After a year of collecting every piece of plastic I’ve used, I have a clearer understanding of how much waste I produce. I’ve had a chance to see my life’s habits and choices on a macro level, and it has shifted my perspective seismically.

The weekend after Earth Day, on April 23rd, I gathered together all of the plastic I accumulated over the past year. I stacked the rubber bins and the cardboard boxes and the stuffed paper sacks in the front room of my apartment, and then I stood back and marveled.

Here’s a photo of the mountain of plastic I created in a single year of life:
IMG_4598

What I have to remind myself is that, to some people, this may not look like a lot of plastic. Yes, it fills a full room, but it’s not a really astonishing amount. It doesn’t soar to the ceiling, and it’s surprisingly light. I carried this entire haul up from my apartment’s storage unit in three easy trips. But this mini mountain of plastic is what I accumulated in a year of trying hard not to use any at all.
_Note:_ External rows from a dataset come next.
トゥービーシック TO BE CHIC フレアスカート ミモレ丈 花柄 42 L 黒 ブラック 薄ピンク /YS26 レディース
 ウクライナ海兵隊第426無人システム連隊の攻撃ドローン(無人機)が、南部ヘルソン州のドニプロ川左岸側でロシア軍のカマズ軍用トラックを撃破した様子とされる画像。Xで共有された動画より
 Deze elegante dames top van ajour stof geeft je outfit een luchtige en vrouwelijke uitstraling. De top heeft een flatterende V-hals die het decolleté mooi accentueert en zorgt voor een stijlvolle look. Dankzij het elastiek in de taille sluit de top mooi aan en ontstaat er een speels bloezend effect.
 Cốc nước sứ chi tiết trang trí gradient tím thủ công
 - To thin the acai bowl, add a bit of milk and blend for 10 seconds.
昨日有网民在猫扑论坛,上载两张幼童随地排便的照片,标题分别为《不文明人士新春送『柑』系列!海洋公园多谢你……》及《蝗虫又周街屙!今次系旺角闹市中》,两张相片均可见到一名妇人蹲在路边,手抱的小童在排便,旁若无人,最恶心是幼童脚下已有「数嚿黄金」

This is what has really powerfully shifted my perspective. Over the past year, I actively told store clerks and grocery staff and waiters and waitresses that I was trying to make purchases or order meals without the use of plastic, so I greatly cut down what I normally would have been given. I’m curious now to see how much I would have collected had I not tried to steer clear of plastic. Double this amount? Triple?
It’s impossible to say, and my days of keeping, cleaning, and storing plastic for experimental value are over. When I stand back and stare at this load, it alarms me.
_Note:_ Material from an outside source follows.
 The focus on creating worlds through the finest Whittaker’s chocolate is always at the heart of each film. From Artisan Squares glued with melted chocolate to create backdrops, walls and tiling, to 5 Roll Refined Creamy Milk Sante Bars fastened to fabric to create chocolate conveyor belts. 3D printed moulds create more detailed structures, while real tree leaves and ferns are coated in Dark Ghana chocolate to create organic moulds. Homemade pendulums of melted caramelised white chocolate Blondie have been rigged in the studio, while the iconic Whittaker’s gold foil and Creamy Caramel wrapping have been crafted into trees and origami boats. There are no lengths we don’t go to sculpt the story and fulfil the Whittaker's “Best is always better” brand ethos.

In the past few weeks, I’ve begun the process of sorting and cataloging my plastic, and this, too, has been eye-opening. The amount of plastic cups, straws, windowed envelopes, plastic sleeves, and especially to-go boxes, seem to multiply as I pour them out of various bins and bags like items pulled and pulled from Mary Poppins’s magic suitcase.

I will be sharing some of those final counts in coming posts. For now, when I look at this mountain of plastic, I think of all of the people in America. In the world. I think of my small year’s cache of plastic  floating in the ocean, and it isn’t hard to visualize the scale of what must be out there, and growing.